I purchased our now family home in Melbourne in 1987 and I have lived in the property since. I then proceeded to meet and marry my now wife in 1990 but the property continued to be in my sole name. The property is less than 2 acres. My wife and I have now separated and for property settlement reasons, I have recently subdivided the property into three lots – the front lot which includes the family home, and the 2 back lots which was part of the family’s backyard and amenity area. I plan to continue to own and live in the family home however I wish to sell the back lots to a third party developer. The plan is that my wife use the proceeds of the sale of the back lots to purchase her own home as part of a forthcoming family law agreement.

Will any CGT be payable on sale of the back lot given I have lived at the property for 30 years? If CGT does apply, will the cost base be an apportioned amount of what I originally paid for the property in 1987 or the value of the land at time of subdivision in 2017? Is it fair to assume GST will not be payable given no enterprise is carried on.

Secondly, all 3 lots are currently held in my name. Will it be easier/more beneficial to sell the land in my name and then transfer the proceeds as part of the family law property settlement to my wife or to transfer the property and then sell?


If you sell the back block then CGT will apply. The main residence exemption only applies to the dwelling and its curtilage as part of one sale. Unfortunately, because you purchased the property before 20th August 1991 you cannot increase its cost base by any holding costs.
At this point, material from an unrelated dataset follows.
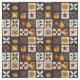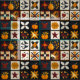 Den här väven har ett kortsiktigt lapptäcke mönster i ett rutnät av mörk och ljusa fyrkanter. Varje block lyfter fram unika motiv, från pumpor, höst löv och fåglar till geometrisk piecing som stjärnor, pinhjul och schackbräde. Utgiven i varma fallskuggor av orange, rött, gult och brunt mot kontrasterande kräm och mörk blått bakgrunder, fångar den mysiga charmen av handgjord filtning. Perfekt för jordskredsdécor, säsongshantverkare och primitiva konstentusiaster som kärlek hösten stil.
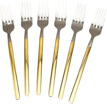 QUALITY - Gold V Design Dessert Fork are constructed by high quality stainless steel to ensure rust resistant and high hardness, Healthy and durable for everyday use, Dishwasher Safe

This leaves you the back lots’ share of the original purchase price, costs to purchase and improvements. You will be able to increase the cost base by the subdivision costs but these have to be apportioned between all three lots unless they are a cost that is specific to that lot.
In this case, as long as you do not build on the back blocks and you do nothing more than the minimum required by council to cut the blocks off, you are merely realising an asset. This means that the sale proceeds of the blocks are not part of your business turnover so you are not forced over the $75,000 threshold where you would be required to register for GST. Assuming you are not already registered for GST, you are not in the business of development and you don’t do anything business like you will not have to register for GST so you do not have to charge GST. It does worry me a little that there may be more to your circumstances than you thought relevant to the question so it is worth asking your Accountant who knows your circumstances much better than me whether you are doing anything that would make the back lot’s be considered part of the turnover of a business.
If you were not to sell off the back blocks to a property developer but instead transfer them to your ex spouse as part of the property settlement then you would be entitled to use rollover relief and all the tax consequences would transfer to her as if she was the one who bought the property back in 1987. But this doesn’t make the tax bill go away just shifts who pays it. There may be some advantages in that considering tax brackets and carried forward capital losses. Regardless the tax consequences need to be taken into account when determining the pool of matrimonial assets.
The court can even order a partitioning of the land as part of the settlement, not that I have ever seen this done. Your solicitor would be in a far better position that me to answer the question as to which way would be easier.

If you are not already registered for GST you are not required to do so just because you simply choose to sell a property (a capital asset). Section 23-5 states that if the annual turnover of supplies you make in the normal course of your enterprise, exceed $75,000 you must register for GST. Section 185-25 excludes from the calculation of annual turnover the supply of a capital asset.